(EXCERPTED DATA):
============

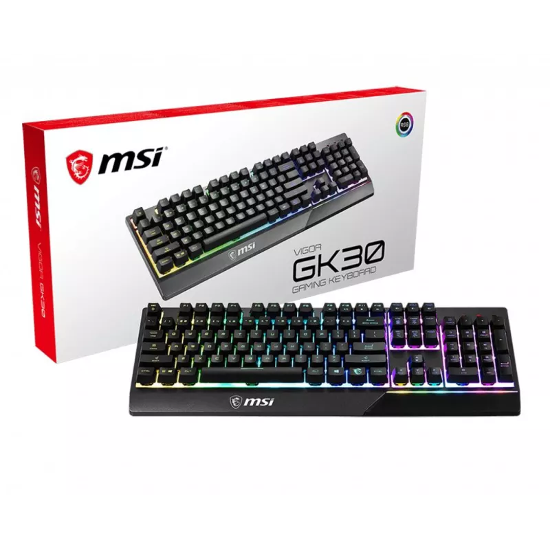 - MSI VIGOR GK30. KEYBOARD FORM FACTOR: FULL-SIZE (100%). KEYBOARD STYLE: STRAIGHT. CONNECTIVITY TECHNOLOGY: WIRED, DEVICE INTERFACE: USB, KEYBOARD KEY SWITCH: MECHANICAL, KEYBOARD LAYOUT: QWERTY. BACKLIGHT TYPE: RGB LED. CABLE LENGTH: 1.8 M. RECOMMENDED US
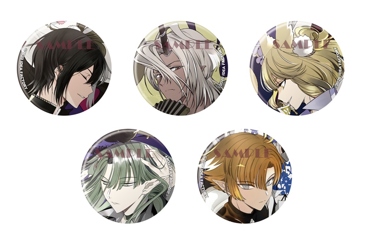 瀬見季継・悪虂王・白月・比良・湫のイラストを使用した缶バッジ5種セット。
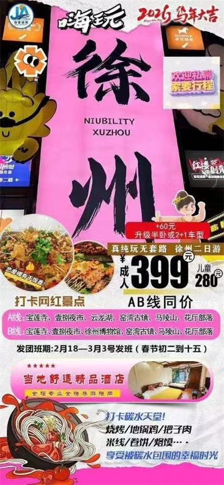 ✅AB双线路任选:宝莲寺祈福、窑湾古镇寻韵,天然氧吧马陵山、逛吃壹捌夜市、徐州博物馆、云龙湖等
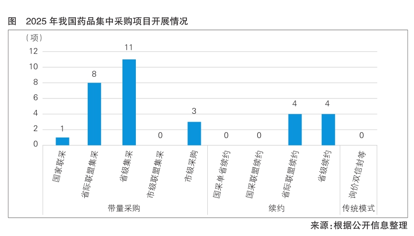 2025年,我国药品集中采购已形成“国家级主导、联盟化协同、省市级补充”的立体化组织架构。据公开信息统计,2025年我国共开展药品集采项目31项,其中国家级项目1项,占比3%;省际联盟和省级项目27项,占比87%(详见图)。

============

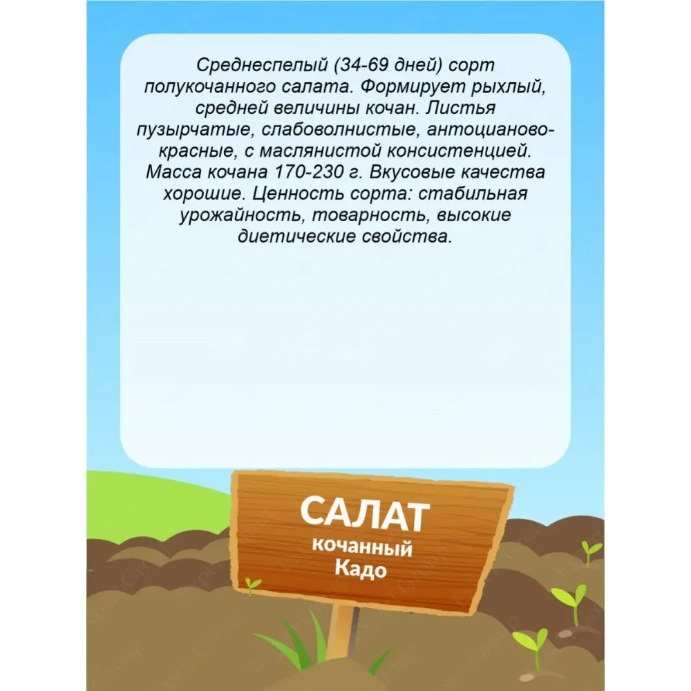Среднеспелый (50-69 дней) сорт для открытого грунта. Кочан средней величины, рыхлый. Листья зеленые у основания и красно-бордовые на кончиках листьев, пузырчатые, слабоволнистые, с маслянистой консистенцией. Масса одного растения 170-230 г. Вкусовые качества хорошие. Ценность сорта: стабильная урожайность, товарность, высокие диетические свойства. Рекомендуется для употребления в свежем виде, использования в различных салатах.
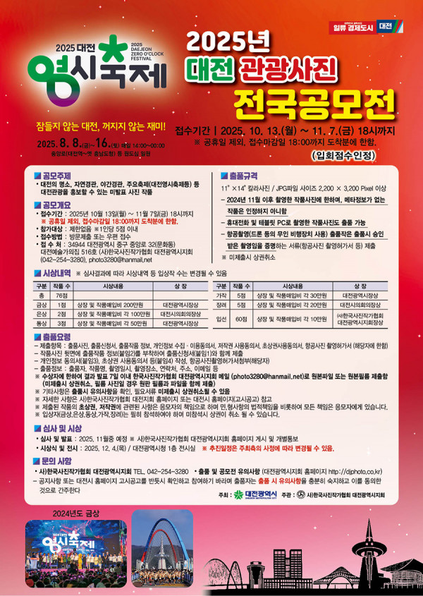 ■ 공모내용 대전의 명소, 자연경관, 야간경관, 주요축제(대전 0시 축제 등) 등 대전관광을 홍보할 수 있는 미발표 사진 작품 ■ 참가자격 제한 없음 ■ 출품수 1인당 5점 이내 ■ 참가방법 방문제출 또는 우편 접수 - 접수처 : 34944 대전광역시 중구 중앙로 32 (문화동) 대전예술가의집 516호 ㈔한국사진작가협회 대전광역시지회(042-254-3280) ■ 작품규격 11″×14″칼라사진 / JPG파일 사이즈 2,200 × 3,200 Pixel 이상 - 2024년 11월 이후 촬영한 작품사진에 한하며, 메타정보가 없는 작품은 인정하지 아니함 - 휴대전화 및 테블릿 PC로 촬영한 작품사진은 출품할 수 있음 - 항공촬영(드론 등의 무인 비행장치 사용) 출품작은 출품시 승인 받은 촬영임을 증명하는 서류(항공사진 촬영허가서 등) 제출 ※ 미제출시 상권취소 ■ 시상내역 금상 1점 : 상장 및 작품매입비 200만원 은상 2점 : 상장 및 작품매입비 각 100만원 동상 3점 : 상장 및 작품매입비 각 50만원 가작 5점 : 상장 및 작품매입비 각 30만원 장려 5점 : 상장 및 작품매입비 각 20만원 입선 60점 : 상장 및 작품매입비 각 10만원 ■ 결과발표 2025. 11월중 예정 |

============

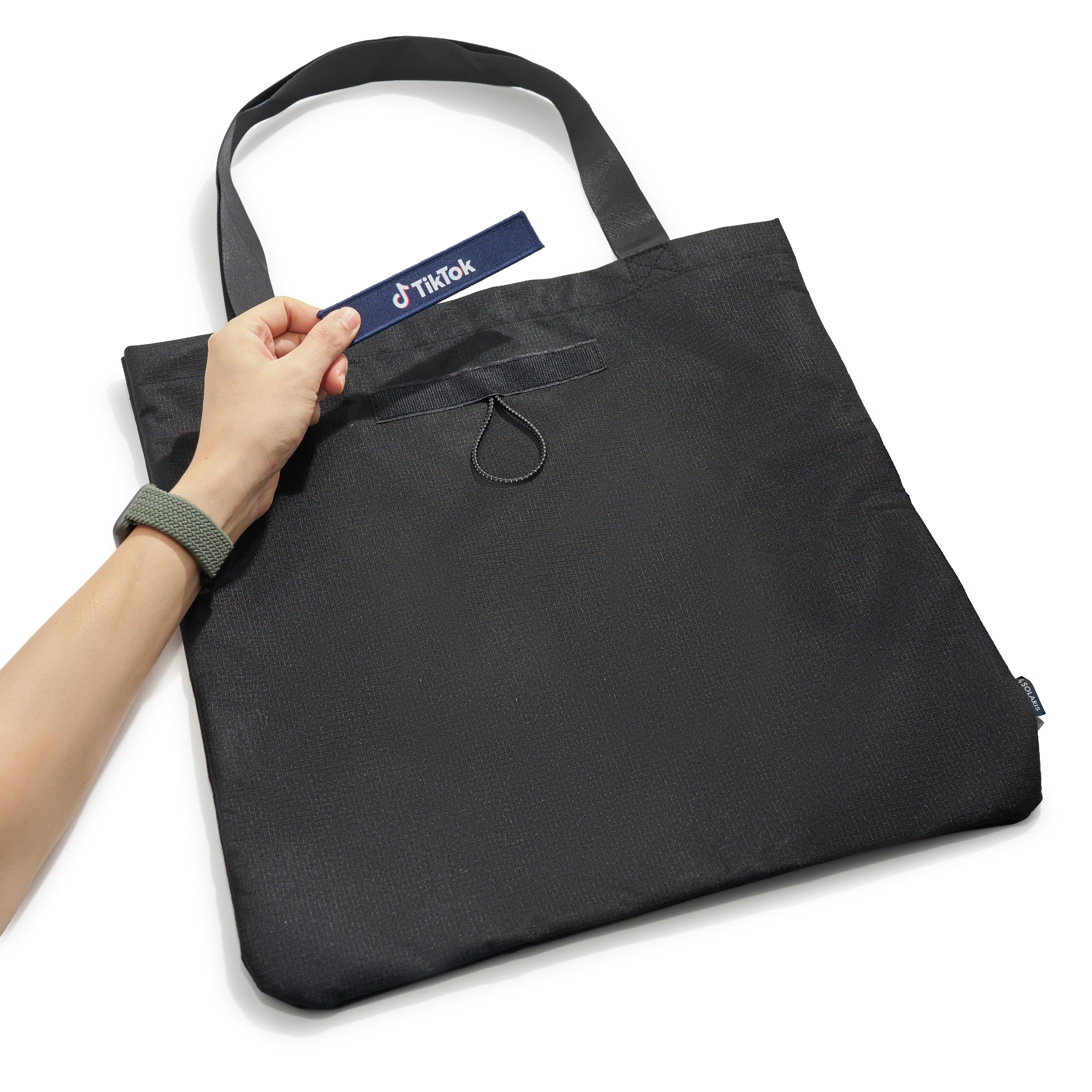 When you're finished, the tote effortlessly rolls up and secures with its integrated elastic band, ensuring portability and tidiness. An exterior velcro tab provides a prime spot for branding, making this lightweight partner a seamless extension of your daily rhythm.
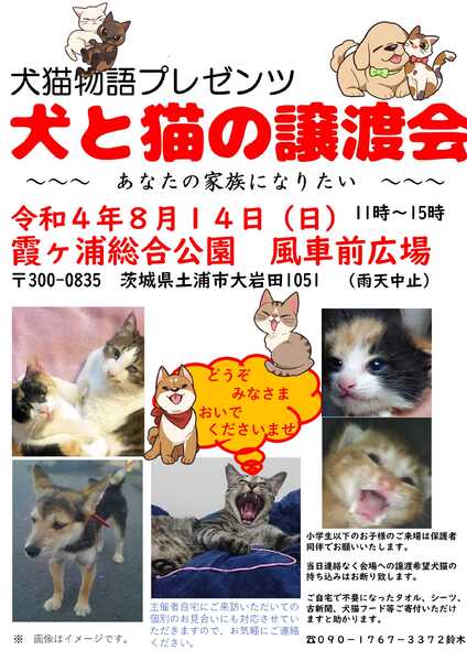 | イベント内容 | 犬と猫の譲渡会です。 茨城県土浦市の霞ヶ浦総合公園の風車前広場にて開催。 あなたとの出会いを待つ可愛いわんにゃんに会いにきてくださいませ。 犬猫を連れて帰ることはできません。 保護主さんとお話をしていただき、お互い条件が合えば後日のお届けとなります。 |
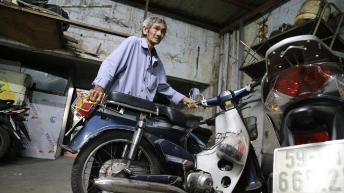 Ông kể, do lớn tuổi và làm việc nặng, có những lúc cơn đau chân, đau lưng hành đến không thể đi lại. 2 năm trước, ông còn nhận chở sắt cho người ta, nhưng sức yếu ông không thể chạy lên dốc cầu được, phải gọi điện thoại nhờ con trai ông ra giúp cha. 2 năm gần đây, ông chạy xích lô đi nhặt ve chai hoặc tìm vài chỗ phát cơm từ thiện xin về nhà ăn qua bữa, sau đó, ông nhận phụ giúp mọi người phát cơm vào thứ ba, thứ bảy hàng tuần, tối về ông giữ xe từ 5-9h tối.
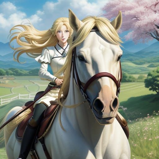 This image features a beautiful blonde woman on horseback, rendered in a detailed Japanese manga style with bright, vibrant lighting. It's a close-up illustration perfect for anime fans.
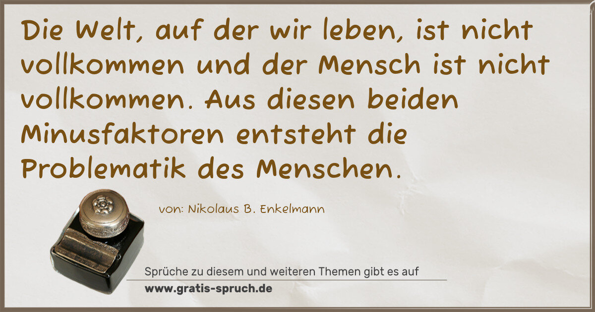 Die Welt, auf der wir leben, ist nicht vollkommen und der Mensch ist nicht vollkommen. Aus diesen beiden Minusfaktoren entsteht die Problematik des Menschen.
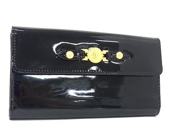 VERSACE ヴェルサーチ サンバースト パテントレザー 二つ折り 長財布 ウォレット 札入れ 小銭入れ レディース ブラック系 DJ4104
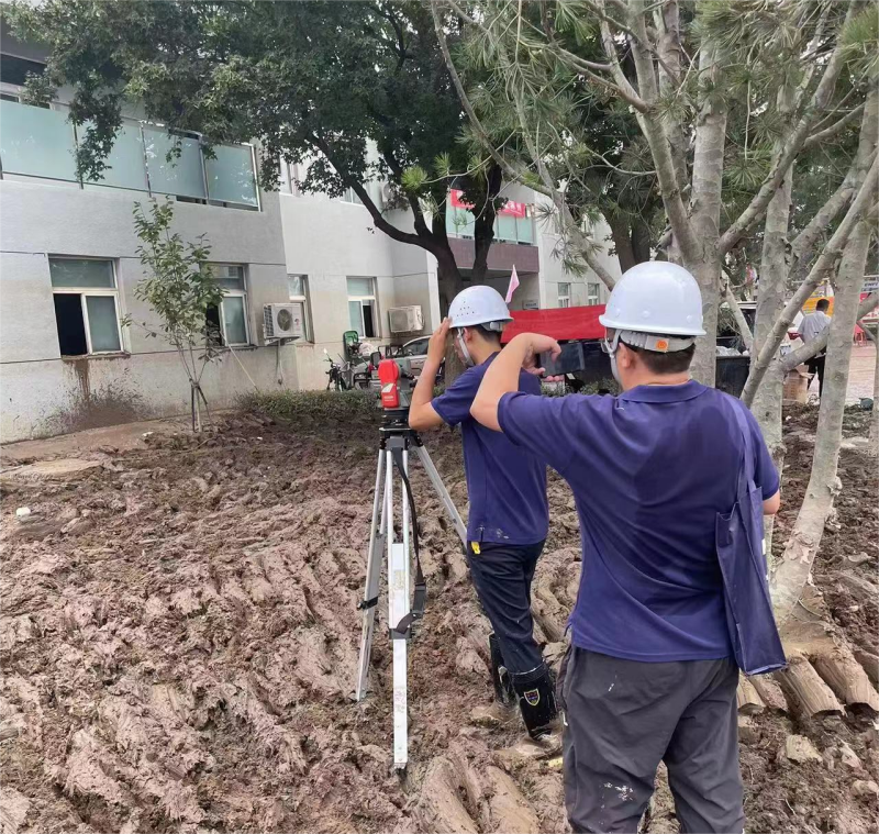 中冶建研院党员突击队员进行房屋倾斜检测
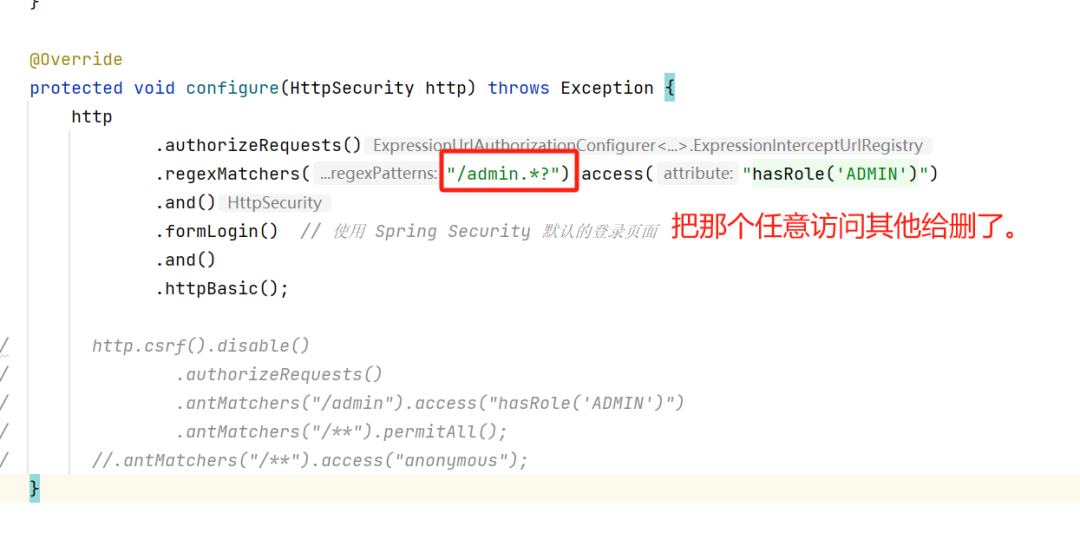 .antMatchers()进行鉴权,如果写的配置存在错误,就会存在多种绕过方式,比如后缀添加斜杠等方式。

============

(WHAT YOU HAVE TO DO): Transcribe the listing above exactly, but only from the line with "When you're finished, the" through the line with "Ông kể, do lớn". Include both of those lines and omit the pictures.

(ANSWER TO THE EXERCISE):
 When you're finished, the tote effortlessly rolls up and secures with its integrated elastic band, ensuring portability and tidiness. An exterior velcro tab provides a prime spot for branding, making this lightweight partner a seamless extension of your daily rhythm.
 | イベント内容 | 犬と猫の譲渡会です。 茨城県土浦市の霞ヶ浦総合公園の風車前広場にて開催。 あなたとの出会いを待つ可愛いわんにゃんに会いにきてくださいませ。 犬猫を連れて帰ることはできません。 保護主さんとお話をしていただき、お互い条件が合えば後日のお届けとなります。 |
 Ông kể, do lớn tuổi và làm việc nặng, có những lúc cơn đau chân, đau lưng hành đến không thể đi lại. 2 năm trước, ông còn nhận chở sắt cho người ta, nhưng sức yếu ông không thể chạy lên dốc cầu được, phải gọi điện thoại nhờ con trai ông ra giúp cha. 2 năm gần đây, ông chạy xích lô đi nhặt ve chai hoặc tìm vài chỗ phát cơm từ thiện xin về nhà ăn qua bữa, sau đó, ông nhận phụ giúp mọi người phát cơm vào thứ ba, thứ bảy hàng tuần, tối về ông giữ xe từ 5-9h tối.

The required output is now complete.